[Petrus Hamer]
HAMER (Petrus), behoorende tot het geslacht te voren beschreven, werd den 17en Maart 1716 geboren te Deventer uit het huwelijk van Jan Hamer, apotheker aldaar, en Petronella Braakman. Zijn vader verloor hij vroeg. Hij werd ingeschreven in het Album Stud. van de Illustre School zijner vaderstad den 12en Sept. 1735, later in dat te Groningen den 10en Sept. 1738. Proponent geworden bij de classis van Groningen was hij predikant te Wybelzum O. Friesl., waar hij den 29en Oct. 1741 bevestigd werd door Ds. Loth, pred. te Larreld; daarna van Oct. 1744 tot den 16en April 1752 te Wirdum (bevest. door Ds. Eilshemius, pred. te Uttum; van 23 April 1752 tot 28 Sept. 1760 te Leer, en van 12 Oct. 1760 tot zijn dood, den 2en Dec. 1779, te Emden, waar hij ook inspector was (bevest. door Ds. M. Meiners, pred. ald. (m. Jes. XXX:20; intr. m. Jerem. XXIX:7; afsch. te Leer m. Hebr. XIII:20, 21).
Te Emden geraakte hij in conflict met de Doopsgezinden. T.J. Vissering, een aanzienlijk Mennoniet, was in 1746 met zijn vrouw overgegaan tot de Gereformeerden. Hamer hield na diens overlijden op hem een lijkrede, die hij liet drukken in 1768. Toen de dochter van den overledene nu weer terugkeerde tot de Doopsgezinden, bezorgde Hamer een omwerking van bedoelde lijkrede, en liet deze met een vroeger ook reeds verschenen voorrede drukken. Hij viel daarin de Mennonieten op krasse wijze aan. De Doopsgezinde leeraar R. Rahusen gaf hiertegen uit een Afgeperste Verdediging van de Eere en Leere der Mennonieten tegen de kwaadaardige Beschuldigingen en bitze Voorstellingen v.d. Wel-Eerw. Heer Petrus Hamer. Uitgestort in de Voorreede v.d. uitgegeven Kerkreden v.d. Wel-Eerw. Godvr. Heer Helmerus Schrôder, wylen Pred. te Emden, en de daar agter aangevoegde Lyk-Predikatie over wylen Tob. Jac. Vissering. In een uiterst fel Beknopt Antwoord kwam Hamer daarop terug. Ook de Mennonitische leeraar H. Waerma (vroeger te Emden; sinds 1761 in de bediening te Deventer) was door Hamer in diens lijkrede niet gespaard. Waerma verdedigde zich door een Noodige Beantwoordinge tegen Hamer, waarop deze hem weer van antwoord diende in een brief achter zijn Antwoord op R. Rahusens Smaadschrift.

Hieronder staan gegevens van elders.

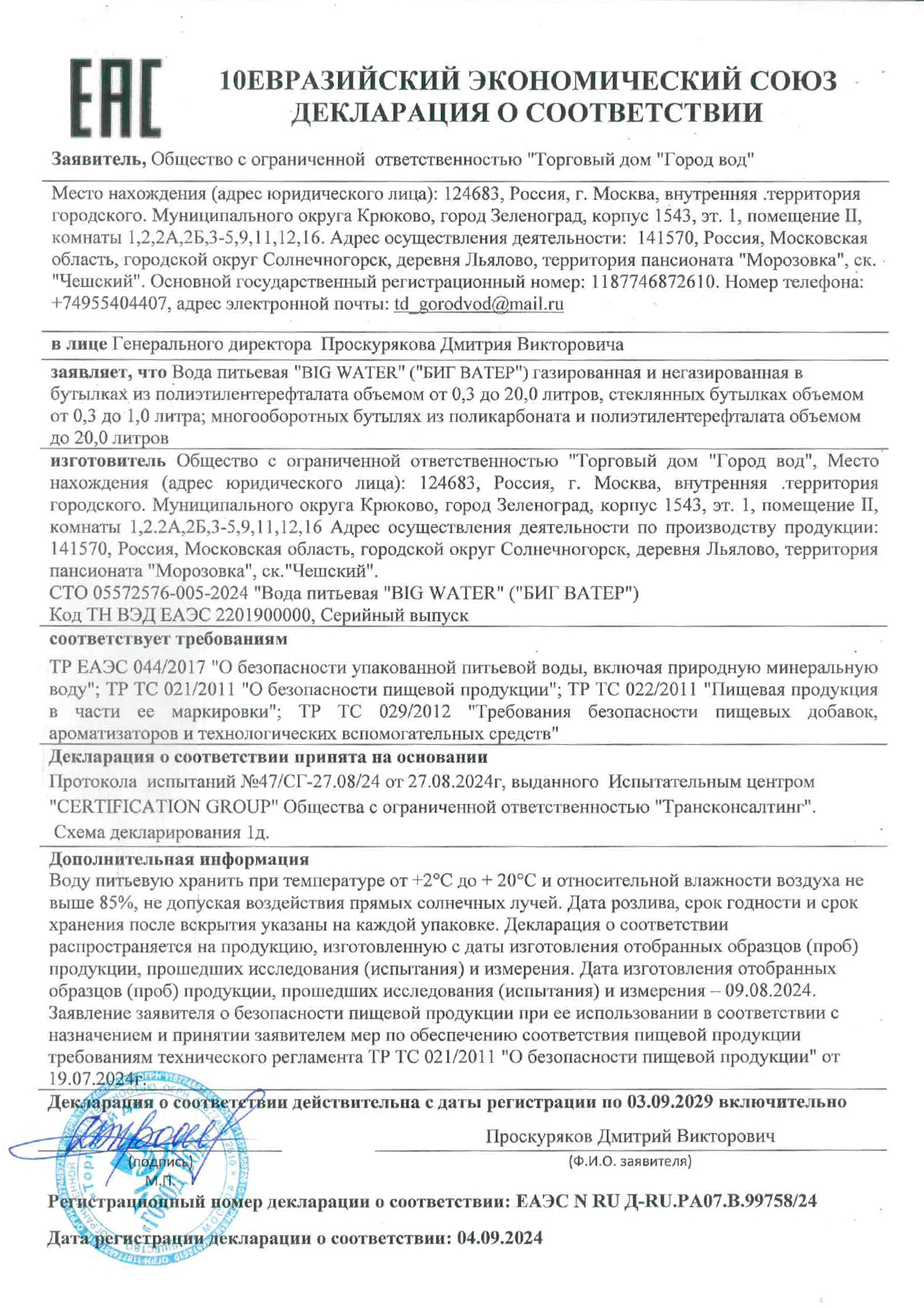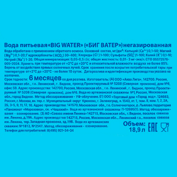 Питьевая вода BIG WATER (БИГ ВАТЕР) добывается из природного источника в экологически чистом районе Подмосковья. Вода отличается сбалансированным составом и мягким вкусом, идеальна для ежедневного потребления.

Daarin wenscht hij o.a. den Mennonieten toe dat het hun gaan moge als den Jezuieten in Portugal (p. 18). Hamer had de agt Kerckredenen tegen de verordening in, zonder censuur laten drukken; de magistraat had dit door de vingers gezien, om den predikant niet onaangenaam te zijn. Van zijn Beknopt Antwoord echter gaf de magistraat het handschrift aan twee predikanten, opdat deze Hamer tot andere gedachten zouden brengen. Zoo kreeg de Coetus het in handen; deze had er geen bezwaar in en gaf het aan den auteur terug. Toen Hamer het opnieuw naar den drukker zond,
liet de magistraat de volle verantwoordelijkheid voor dezen, die het nu in het licht zond, zonder approbatie van de overheid, met de bijvoeging: ‘Tot verantwoording van den Autheur.’ Nauwelijks van de pers, liet de regeering echter zoowel dit geschrift als dat van Rahusen confiskeeren en alle aanwezige exemplaren intrekken.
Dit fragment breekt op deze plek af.